Can't compile RSA / IDEA under Windows

Werner Koch wk@gnupg.org
Wed, 6 Sep 2000 14:31:00 +0200 

On Wed, 6 Sep 2000, Michel Bouissou wrote:


> Am I right understanding your statement as meaning that making GnuPG

> compatible with the most trusted and original versions of PGP is of

> absolutely no interest to you ?


Not if this bloats the code.  If someone wants to add such a feature
to a wrapper, GnuPG already has some options to help with that.

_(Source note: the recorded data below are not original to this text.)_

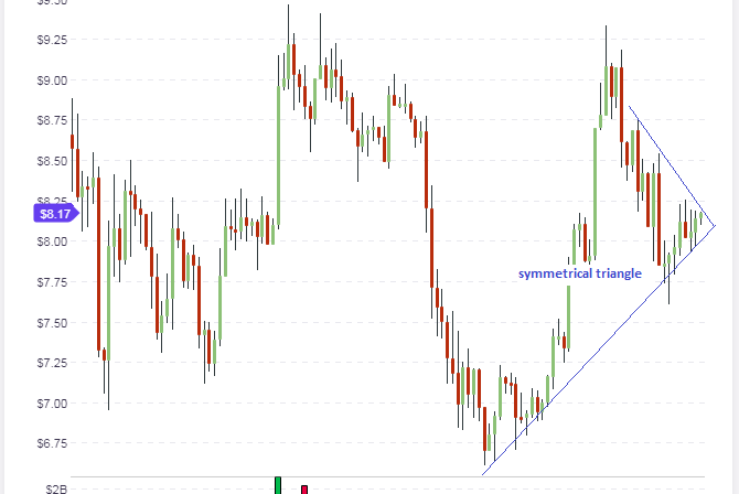 The 4-hour chart reveals that a symmetrical triangle is in formation. With the asset in a downtrend, the bias is for the price to break downwards.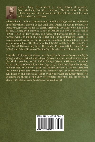 Andrew Lang, (born March 31, 1844, Selkirk, Selkirkshire, Scot.-died July 20, 1912, Banchory, Aberdeenshire), Scottish scholar and man of letters noted for his collections of fairy tales and translations of Homer. Educated at St. Andrews University and at Balliol College, Oxford, he held an open fellowship at Merton College until 1875, when he moved to London. He quickly became famous for his critical articles in The Daily News and other papers. He displayed talent as a poet in Ballads and Lyrics of Old France (1872), Helen of Troy (1882), and Grass of Parnassus (1888) and as a novelist with The Mark of Cain (1886) and The Disentanglers (1902). He earned special praise for his 12-volume collection of fairy tales, the first volume of which was The Blue Fairy Book (1889) and the last The Lilac Fairy Book (1910). His own fairy tales, The Gold of Fairnilee (1888), Prince Prigio (1889), and Prince Ricardo of Pantouflia (1893) became children's classics. Lang also did important pioneer work in such volumes as Custom and Myth (1884) and Myth, Ritual and Religion (1887). Later he turned to history and historical mysteries, notably Pickle the Spy (1897), A History of Scotland from the Roman Occupation, 4 vol. (1900-07), Historical Mysteries (1904), and The Maid of France (1908). His lifelong devotion to Homer produced well-known prose translations of the Odyssey (1879), in collaboration with S.H. Butcher, and of the Iliad (1883), with Walter Leaf and Ernest Myers. He defended the theory of the unity of Homeric literature, and his World of Homer (1910) is an important study. (wikipedia.org)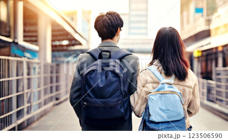 通路を歩く若いカップルの後姿,generative ai_ワイド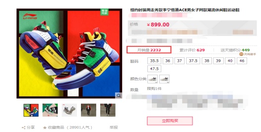 产品销量方面,李宁于今年二月登上纽约时装周的一款售价899元的“悟道”运动鞋,月销量为2232笔,单月贡献销售额超过200万元。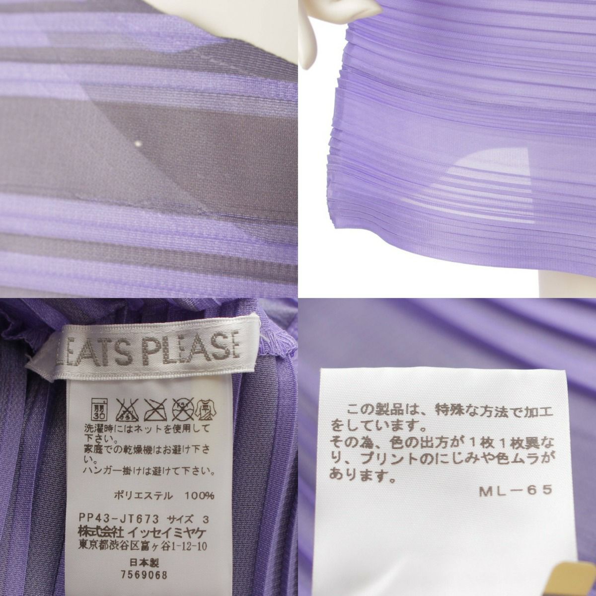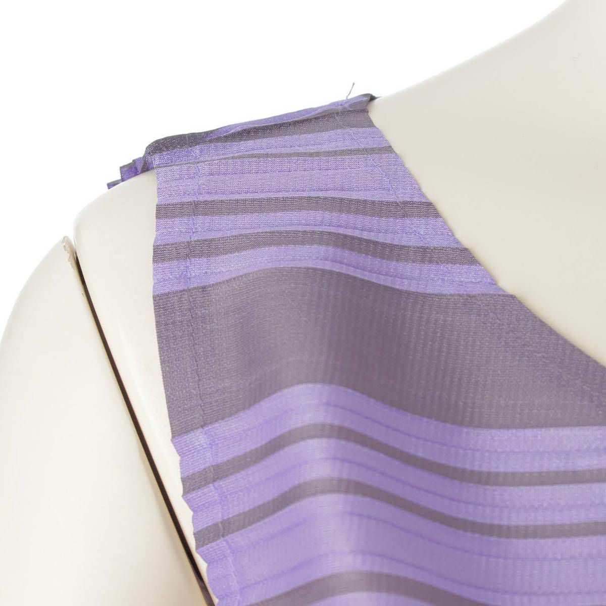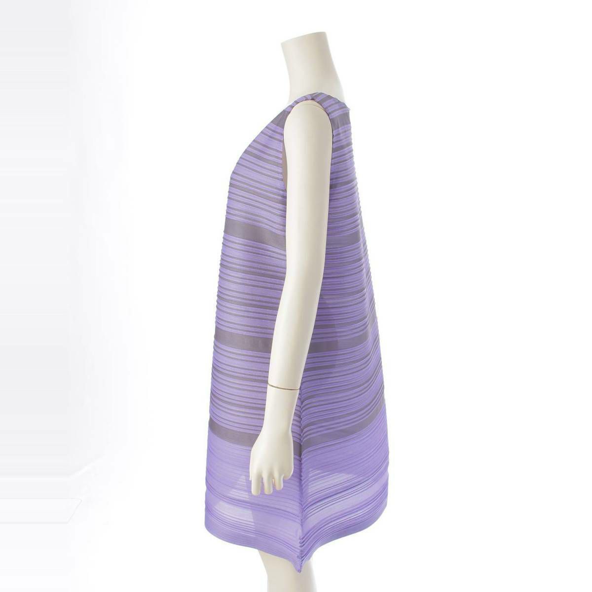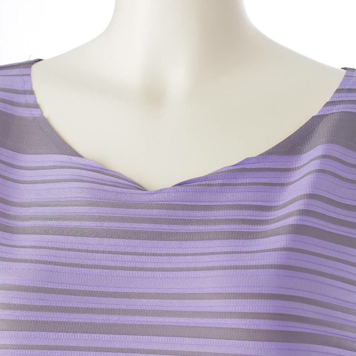 プリーツプリーズ イッセイミヤケ PLEATS PLEASE ISSEY プリーツ ボーダー ノースリーブ ワンピース ドレス PP43‐JT673 パープル×グレー 3

Have a look at the current keyserver stats (pgp.net):

Version 2 keys:       17763         
Version 3 keys:      115803         
Version 4 keys:     2062301         
RSA keys:            133556         
RSA keys (sign):          8         
RSA keys (encrypt):       8         
ELGamal keys:       1032275         
DSA keys:           1029819    

So we have 10 times more DSA/ElGamal keys than old RSA keys; I don't
see any reason to add more PGP compatibility.  The old RSA keys are
usable without any restrictions in 2 weeks,  IDEA is used only to
protect the secret key (trivial to change) and as the session key in
mails.  If you keep a large pile of PGP 2 encrypted mails in an
archive you can write a script to reencrypt them with a non-patented
algorithm.


> Asking to "go fix PGP 2" is pure nonsense. Are you speaking seriously

> ?


Yes.  It is not much work to hack PGP2 to support CAST5  - however,
IMO I don't think it is worth the time.


> The way PGP 2 stores signatures may be ugly -- or may not. But one

> cannot ignore the fact that PGP 2 was there *years* before GnuPG and

> has become so largely trusted that it has become a de facto worldwide


There is no problem to verify PGP 2 created signatures.  It simply
works (if you can use RSA)


> RSA and IDEA may be encumbered with patent issues (soon to be solved

> for RSA), these issues do not make these algorithms "deprecated" nor

> "obsolete" nor less trustable than DH/DSS or CAST5.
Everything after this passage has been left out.